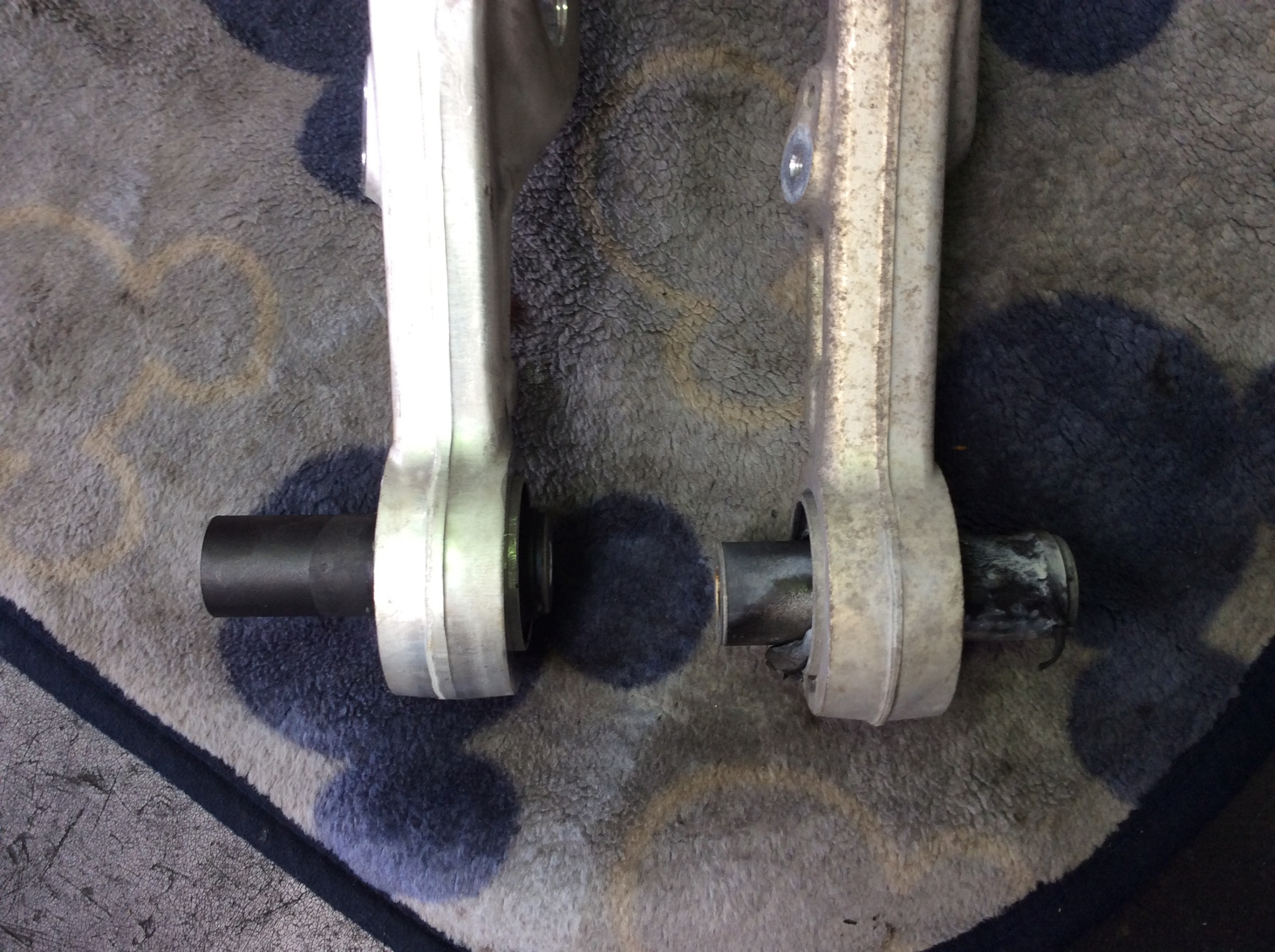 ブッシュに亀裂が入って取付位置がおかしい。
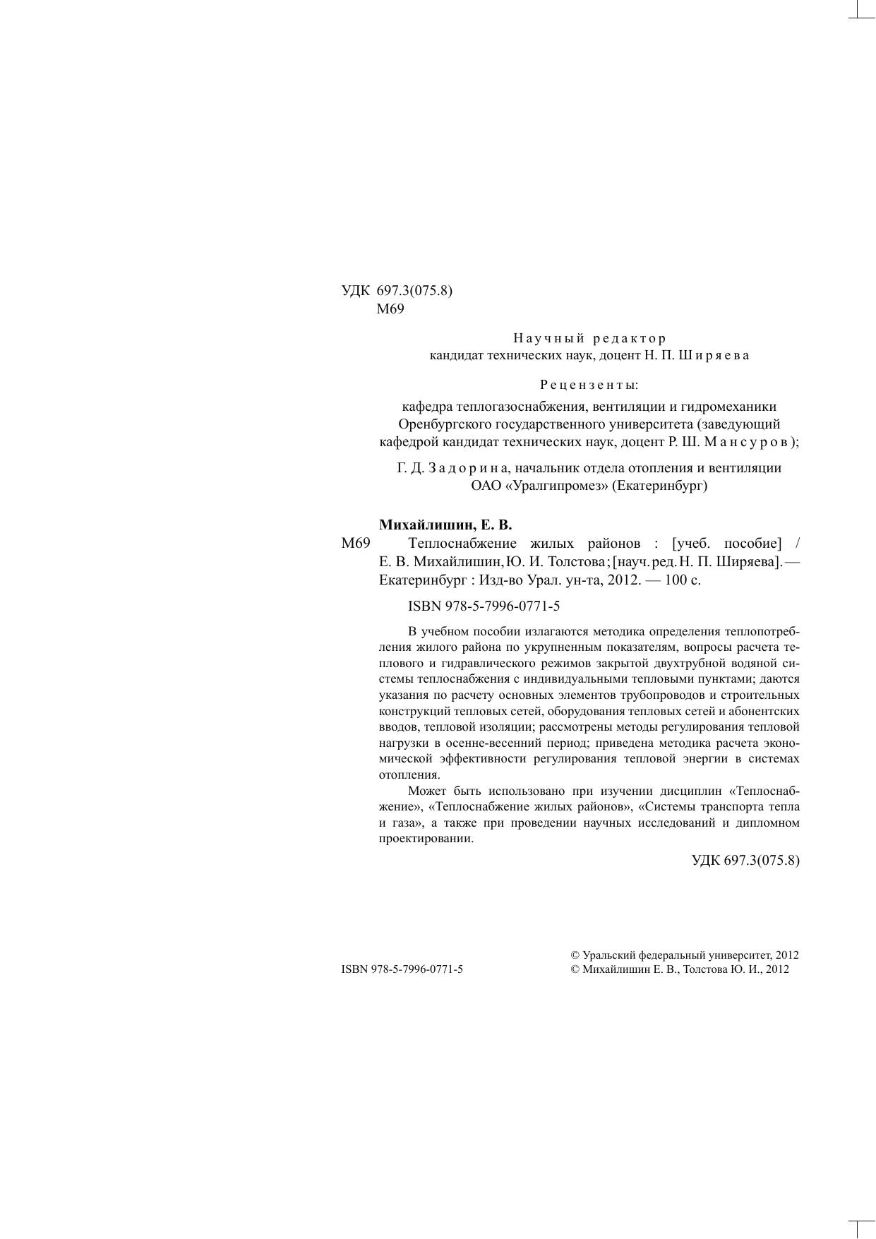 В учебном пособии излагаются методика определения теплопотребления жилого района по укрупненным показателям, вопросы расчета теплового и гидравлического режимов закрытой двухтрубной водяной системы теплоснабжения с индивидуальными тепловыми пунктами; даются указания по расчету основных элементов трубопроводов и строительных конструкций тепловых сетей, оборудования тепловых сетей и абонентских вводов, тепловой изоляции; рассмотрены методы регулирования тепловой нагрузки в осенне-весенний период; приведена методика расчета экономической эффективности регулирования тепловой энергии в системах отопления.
==
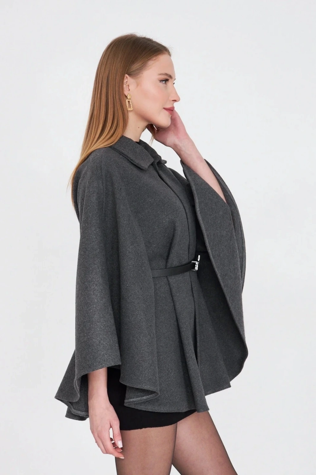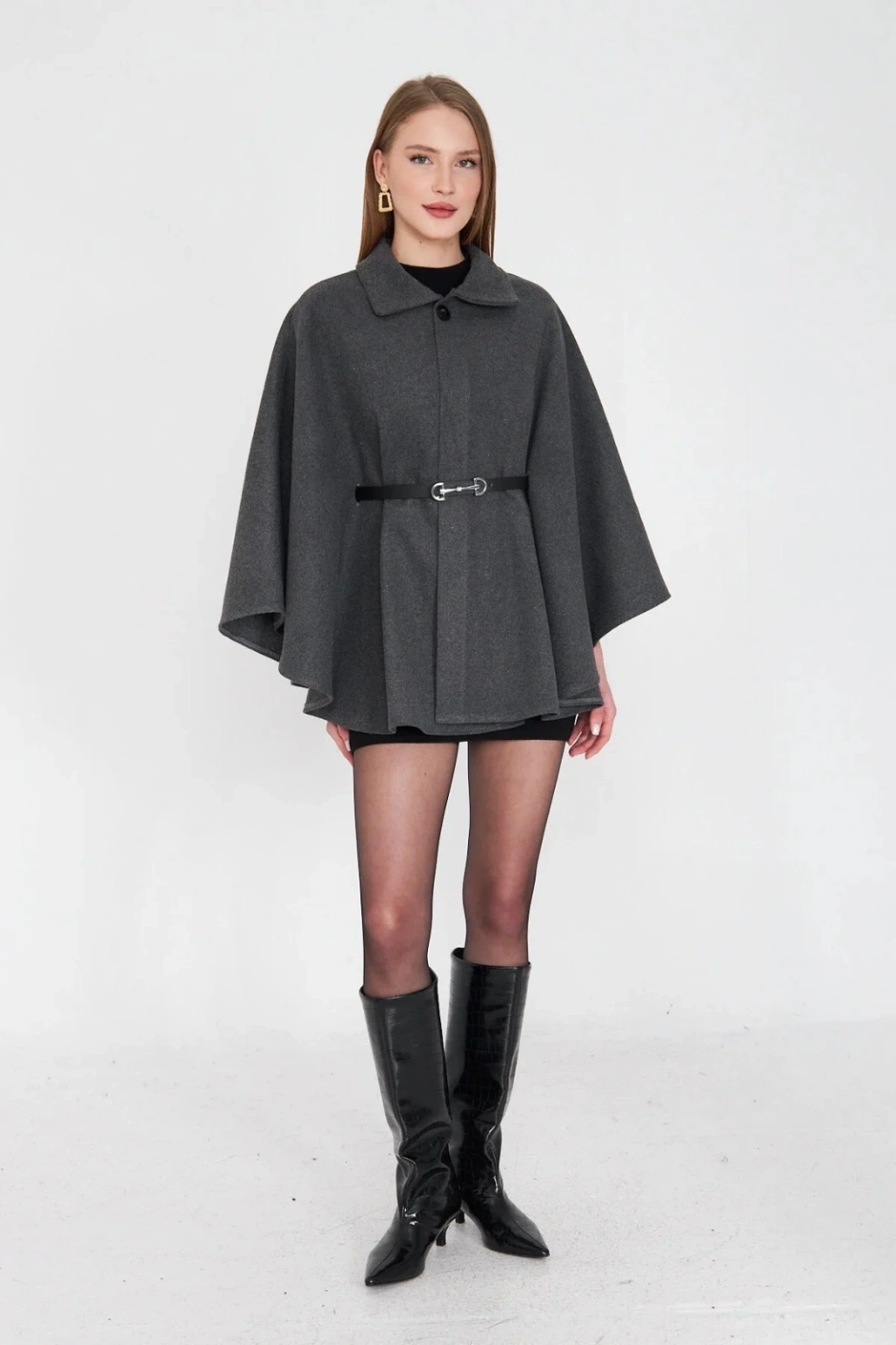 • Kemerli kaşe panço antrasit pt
---
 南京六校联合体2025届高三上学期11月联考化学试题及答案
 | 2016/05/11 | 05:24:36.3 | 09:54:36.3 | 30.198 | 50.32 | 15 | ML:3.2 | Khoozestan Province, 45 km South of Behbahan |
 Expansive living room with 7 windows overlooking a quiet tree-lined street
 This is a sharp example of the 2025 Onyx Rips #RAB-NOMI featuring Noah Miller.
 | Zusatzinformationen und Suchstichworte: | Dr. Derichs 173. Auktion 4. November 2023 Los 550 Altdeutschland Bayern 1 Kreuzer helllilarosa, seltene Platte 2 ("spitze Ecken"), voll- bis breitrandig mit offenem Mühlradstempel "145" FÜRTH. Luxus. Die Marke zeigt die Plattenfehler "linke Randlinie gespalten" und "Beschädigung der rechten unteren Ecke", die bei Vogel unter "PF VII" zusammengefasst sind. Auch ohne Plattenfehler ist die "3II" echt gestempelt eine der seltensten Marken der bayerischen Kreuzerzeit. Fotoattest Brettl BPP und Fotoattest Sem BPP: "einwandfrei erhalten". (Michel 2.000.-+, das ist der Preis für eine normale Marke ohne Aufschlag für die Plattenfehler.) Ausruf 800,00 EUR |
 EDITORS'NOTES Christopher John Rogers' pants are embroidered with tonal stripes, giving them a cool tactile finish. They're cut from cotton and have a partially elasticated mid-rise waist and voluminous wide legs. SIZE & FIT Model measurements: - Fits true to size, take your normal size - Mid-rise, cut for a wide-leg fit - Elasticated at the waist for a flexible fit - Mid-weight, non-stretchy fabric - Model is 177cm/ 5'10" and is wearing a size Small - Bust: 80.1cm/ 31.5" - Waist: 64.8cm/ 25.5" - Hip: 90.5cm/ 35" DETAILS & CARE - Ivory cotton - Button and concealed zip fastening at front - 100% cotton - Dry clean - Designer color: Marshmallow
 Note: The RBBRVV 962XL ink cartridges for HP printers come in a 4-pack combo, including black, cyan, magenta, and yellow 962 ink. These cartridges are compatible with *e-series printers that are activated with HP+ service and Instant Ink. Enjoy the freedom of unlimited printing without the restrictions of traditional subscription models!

Exercise description
Above this instruction are the records; retype exactly the lines from the one containing "800,00 EUR |" up to and including the one containing "Note: The RBBRVV".

Answer for this exercise
 | Zusatzinformationen und Suchstichworte: | Dr. Derichs 173. Auktion 4. November 2023 Los 550 Altdeutschland Bayern 1 Kreuzer helllilarosa, seltene Platte 2 ("spitze Ecken"), voll- bis breitrandig mit offenem Mühlradstempel "145" FÜRTH. Luxus. Die Marke zeigt die Plattenfehler "linke Randlinie gespalten" und "Beschädigung der rechten unteren Ecke", die bei Vogel unter "PF VII" zusammengefasst sind. Auch ohne Plattenfehler ist die "3II" echt gestempelt eine der seltensten Marken der bayerischen Kreuzerzeit. Fotoattest Brettl BPP und Fotoattest Sem BPP: "einwandfrei erhalten". (Michel 2.000.-+, das ist der Preis für eine normale Marke ohne Aufschlag für die Plattenfehler.) Ausruf 800,00 EUR |
 EDITORS'NOTES Christopher John Rogers' pants are embroidered with tonal stripes, giving them a cool tactile finish. They're cut from cotton and have a partially elasticated mid-rise waist and voluminous wide legs. SIZE & FIT Model measurements: - Fits true to size, take your normal size - Mid-rise, cut for a wide-leg fit - Elasticated at the waist for a flexible fit - Mid-weight, non-stretchy fabric - Model is 177cm/ 5'10" and is wearing a size Small - Bust: 80.1cm/ 31.5" - Waist: 64.8cm/ 25.5" - Hip: 90.5cm/ 35" DETAILS & CARE - Ivory cotton - Button and concealed zip fastening at front - 100% cotton - Dry clean - Designer color: Marshmallow
 Note: The RBBRVV 962XL ink cartridges for HP printers come in a 4-pack combo, including black, cyan, magenta, and yellow 962 ink. These cartridges are compatible with *e-series printers that are activated with HP+ service and Instant Ink. Enjoy the freedom of unlimited printing without the restrictions of traditional subscription models!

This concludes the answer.